■ **Exercise**
Please write the listing below out again exactly, leaving every picture behind.

■ **Information**
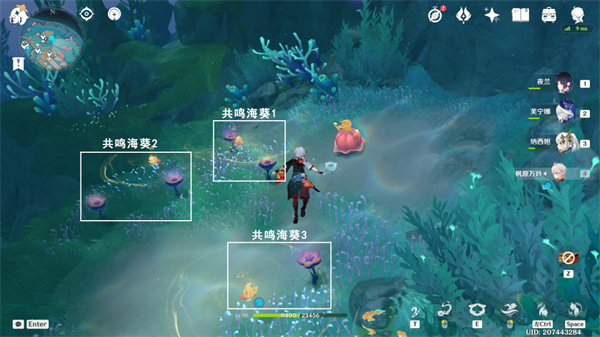2、当章鱼在共鸣海葵之时,点按,点亮共鸣海葵1-3。
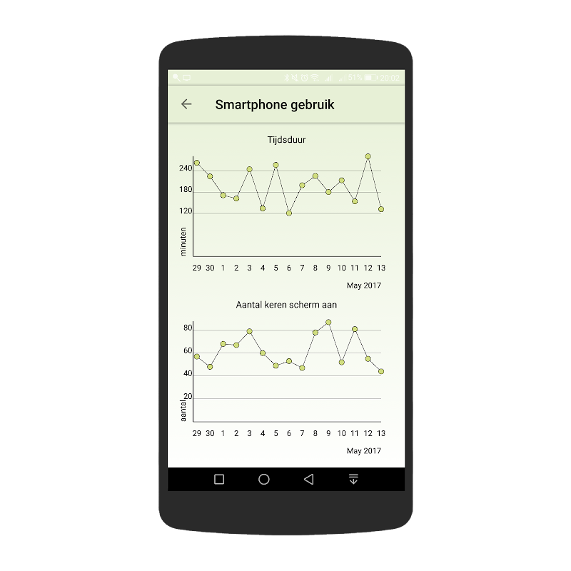 Smart Alert doet dit door slim te kijken naar hoe je je smartphone gebruikt. Hiervoor kijkt Smart Alert naar je smartphone gebruik, hoe lang het scherm aan staat, hoe vaak het scherm aan en uit gaat, het gebruik van social media apps, hoe vaak en hoe lang je telefoongesprekken voert, hoe veel afstand je aflegt, hoeveel je loopt (alleen als je smartphone een stappenteller heeft) en hoe het met je nachtrust gaat.
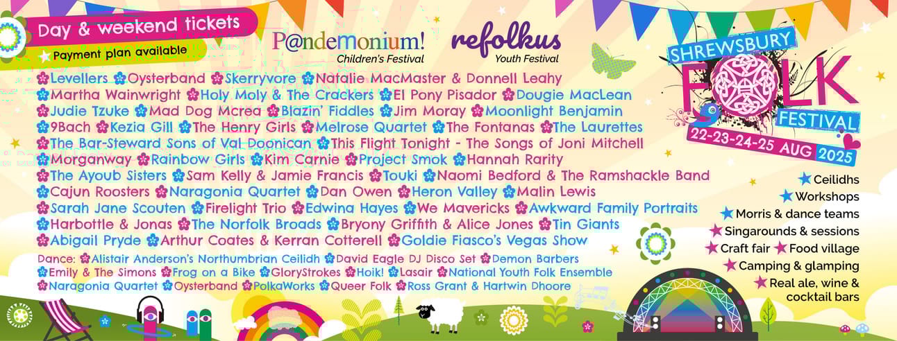 Grab weekend and day tickets via shrewsburyfolkfestival.co.uk
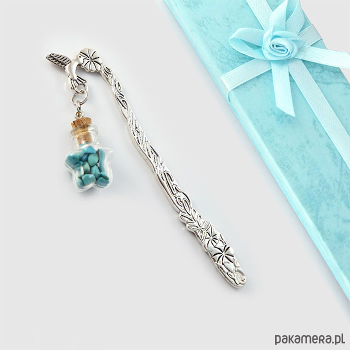 Wyjątkowa zakładka do książki z uroczą, malutką, szklaną buteleczką w kształcie gwiazdki, wypełnioną syntetycznym turkusem i zamkniętą koreczkiem.
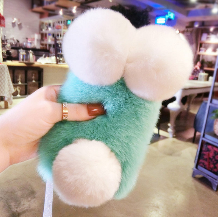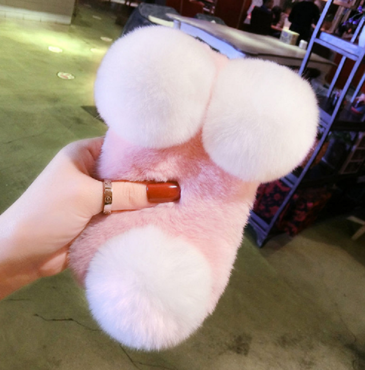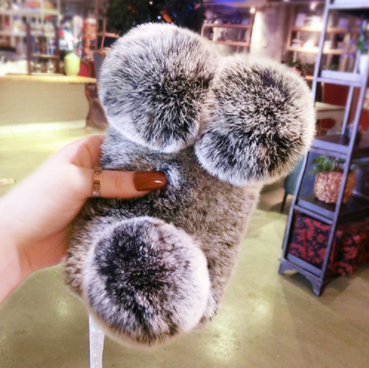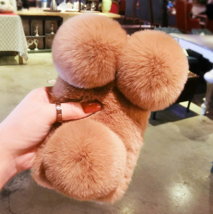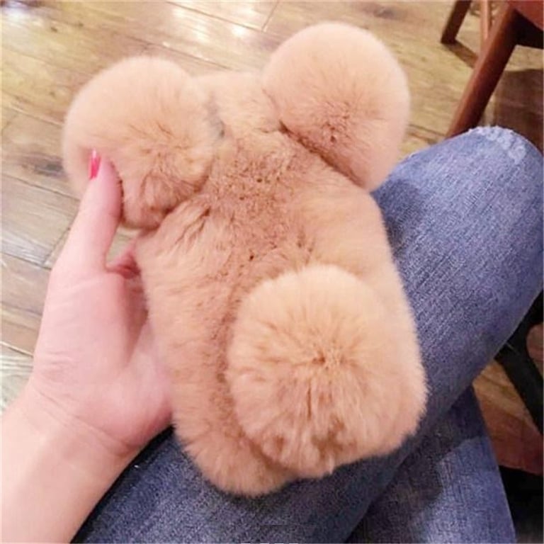 Beautiful fluffy case shaped like a cute teddy bear with ears and a tail.

■ **Solved problem**
2、当章鱼在共鸣海葵之时,点按,点亮共鸣海葵1-3。
 Smart Alert doet dit door slim te kijken naar hoe je je smartphone gebruikt. Hiervoor kijkt Smart Alert naar je smartphone gebruik, hoe lang het scherm aan staat, hoe vaak het scherm aan en uit gaat, het gebruik van social media apps, hoe vaak en hoe lang je telefoongesprekken voert, hoe veel afstand je aflegt, hoeveel je loopt (alleen als je smartphone een stappenteller heeft) en hoe het met je nachtrust gaat.
 Grab weekend and day tickets via shrewsburyfolkfestival.co.uk
 Wyjątkowa zakładka do książki z uroczą, malutką, szklaną buteleczką w kształcie gwiazdki, wypełnioną syntetycznym turkusem i zamkniętą koreczkiem.
 Beautiful fluffy case shaped like a cute teddy bear with ears and a tail.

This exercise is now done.